4

I am making an HTTP web API that's mainly fed by a database. Simplified, the db contains userobjects.
These objects have a last_online (when the user was online) and last_checked (the last time I checked the userobject).

Checking the userobject can take from 3 to 30 seconds. When the last_checked time is less than 10 minutes then everything's okay; API call returns 200 and the userobject.

But I want to reprocess the userobject when the data is staler than 10 minutes. Obviously I can not have my API return sit there and wait.

What is the right approach to HTTP APIs that (sometimes) need to return data from long running processes?

Raedwald
  • 46,613
  • 43
  • 151
  • 237
Gerben Jacobs
  • 4,515
  • 3
  • 34
  • 56
  • What sort of API are you talking about? A web API? A library in some specific language? If so, which language? – Jon Skeet Mar 26 '14 at 07:08
  • Possible duplicate of http://stackoverflow.com/questions/9794696/best-http-status-code-in-rest-api-for-not-ready-yet-try-again-later – Raedwald Mar 26 '14 at 20:01

2 Answers2

5

My first proposal would be to have the server update the user object every X minutes as a background process. I don't see any reason to place the burden of keeping server data up-to-date on the client. Responses to the GET call would include an Expires header. The client could then cache the response for a fixed amount of time, saving you server hits until the data gets refreshed.

If you must make the refresh be client-driven, you want your GET to return a 202 Accepted, which indicates a valid request that the API is working on but has not completed.
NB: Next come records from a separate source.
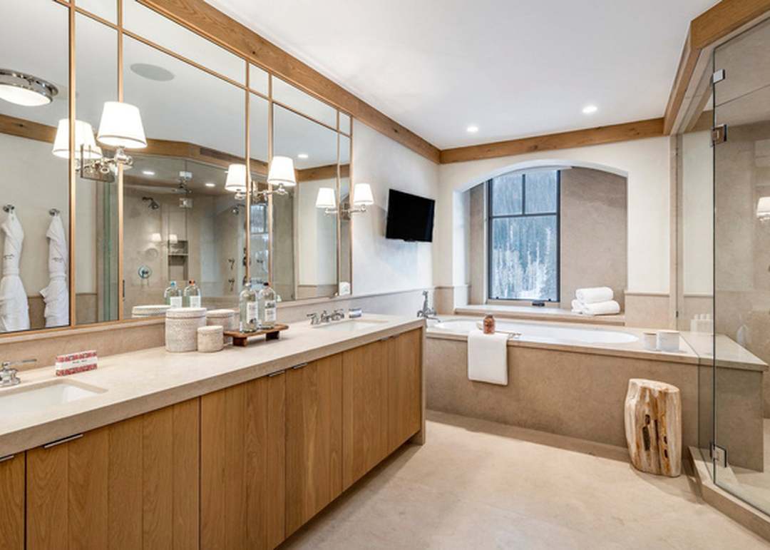 Countertop: QuartzCabinets: Natural WoodCabinet Color: Light WoodFlooring: StoneCeiling: BeamedVanity: Double SinkShower: Frameless GlassTub: Built InTile: Large Format
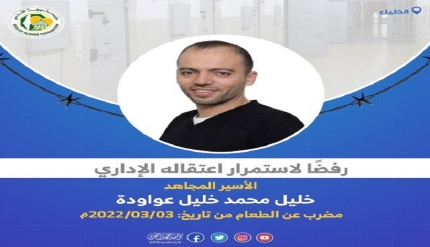مهجة القدس: الأسير خليل عواودة يواصل إضرابه عن الطعام
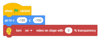 - Set the Tobi sprite’s standing position on stage and switch on the camera feed using the go to x() y() block and the turn ON video on stage with 0% transparency block.
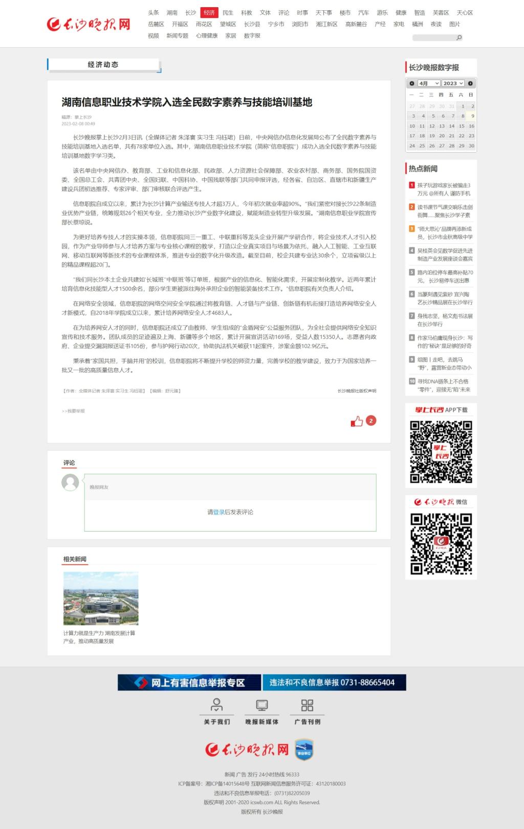 2月8日,长沙晚报网发布《beat365英国官方网站入选全民数字素养与技能培训基地》
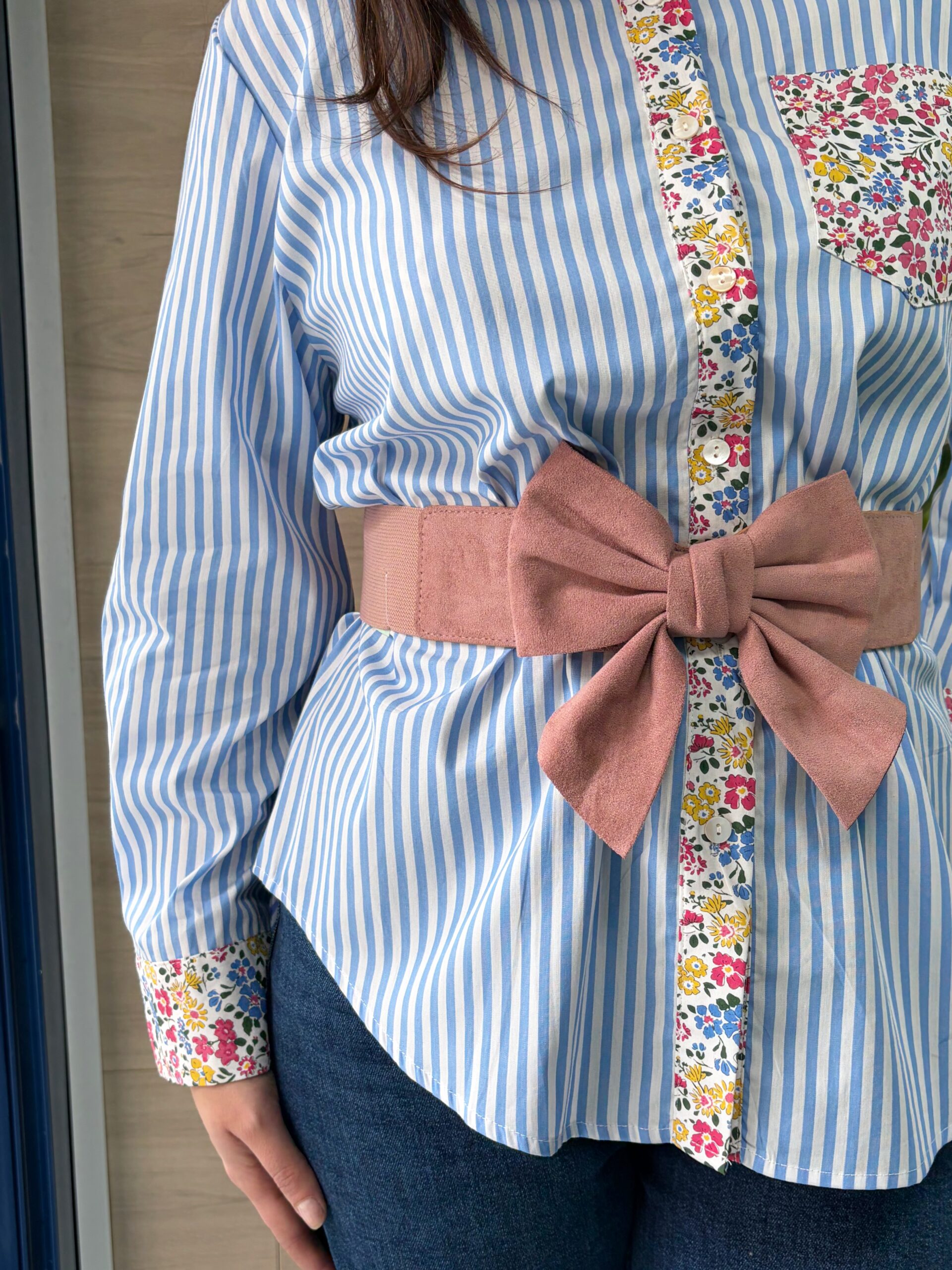 Camisa de rayas en azul y blanca y detalles con flores coloridas.

The entity that gets returned from your GET request should provide a timestamp for when the API should check back to get the updated data. Once the data has been refreshed, the GET will return a 200 Ok with the refreshed data. This is the approach I recommend.

GET /userObject
<- 202 Accepted
{ "checkAt": <timestamp> }

GET /userObject
<- 200 OK
{ "userName": "Bob", ... }

You could also consider using the Retry-After header in your response, but that's only appropriate for 503 Service Unavailable or any of the various 3xx (Redirection) responses. You definitely aren't describing a 503, and it doesn't sound like redirection is correct either.

If you do want to go the redirection route, you'd return a 302 Found, specifying the temporary URI in the Location header and the delay time in the Retry-After header.
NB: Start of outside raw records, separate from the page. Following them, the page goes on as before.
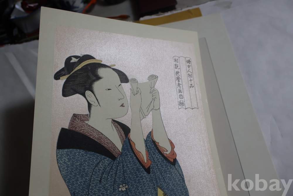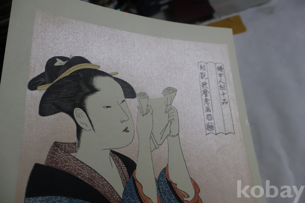게이샤 임니다 섬세 정교 아름다운 소화기의 명화 임니다 고급 목판화 일본 목판화의 명물 임니다 은 마이카 처리 된 명작 임니다
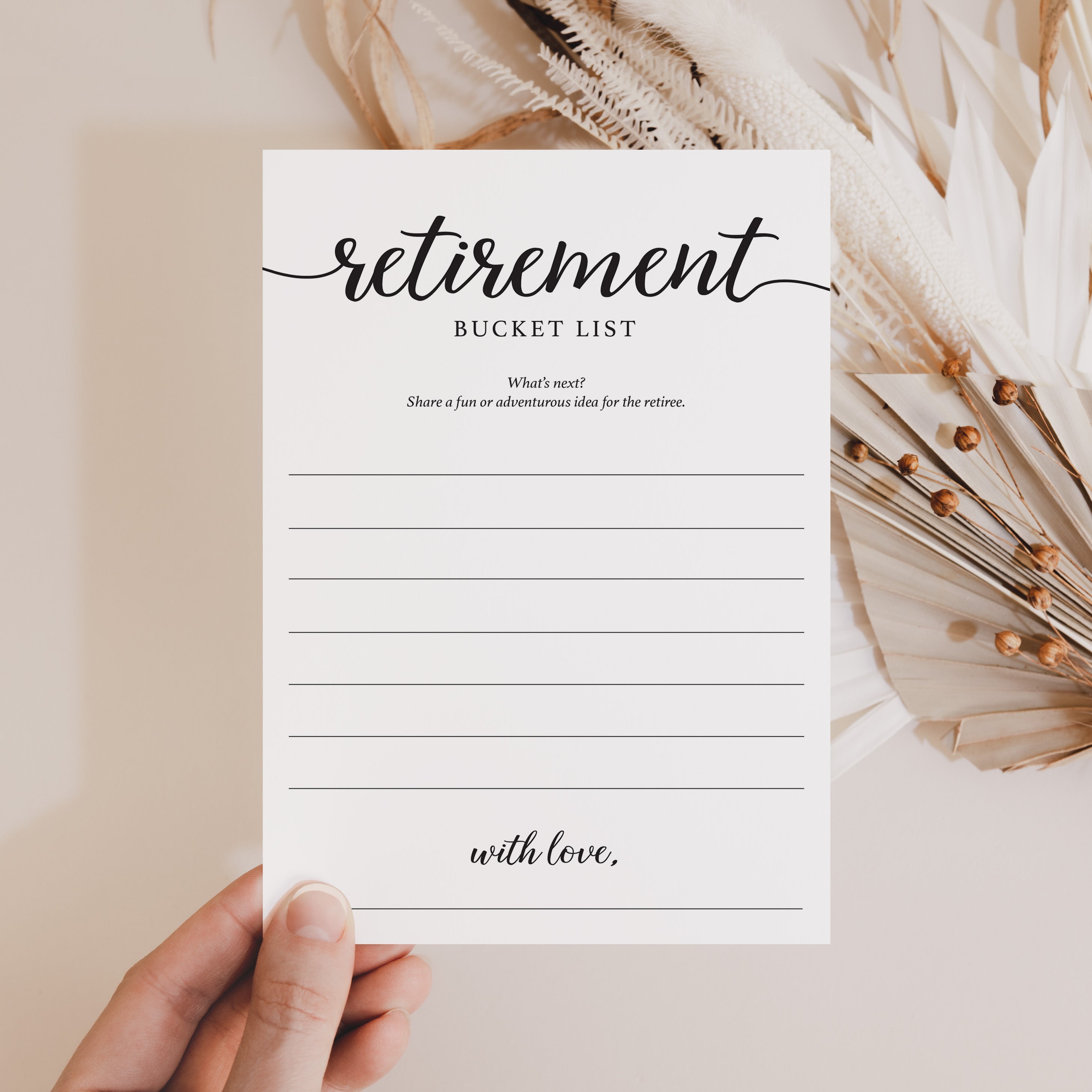 Planning a retirement party and need some fun entertainment? Kick off the celebration with this stylish bundle of retirement party games! Featuring modern calligraphy script, these black and white game cards are a perfect fit for any retirement party theme; classy, casual, or anything in between.
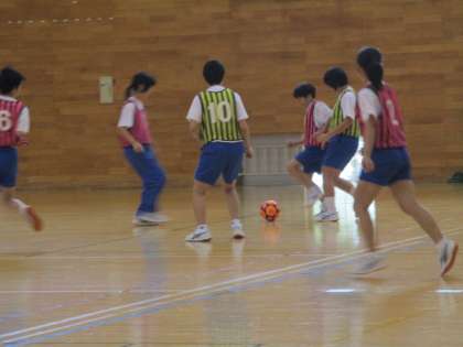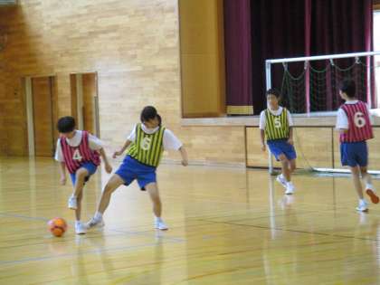 フットサルのゲーム前に、チームで目当てを決め、全員で積極的なゲームに取り組みました。

A fourth approach would be to use a POST and the Post-Redirect-Get pattern. You could POST to your userObject URI and have it return the 302 Found with the Retry-After header.

I really don't think that options three or four buy you anything that the second option doesn't, and I think it's the most clear. Three implies that your resource currently lives in a different location when it doesn't. Four transforms what is fundamentally a GET request (give me the user object) into a POST (refresh the user object, but only if you need to).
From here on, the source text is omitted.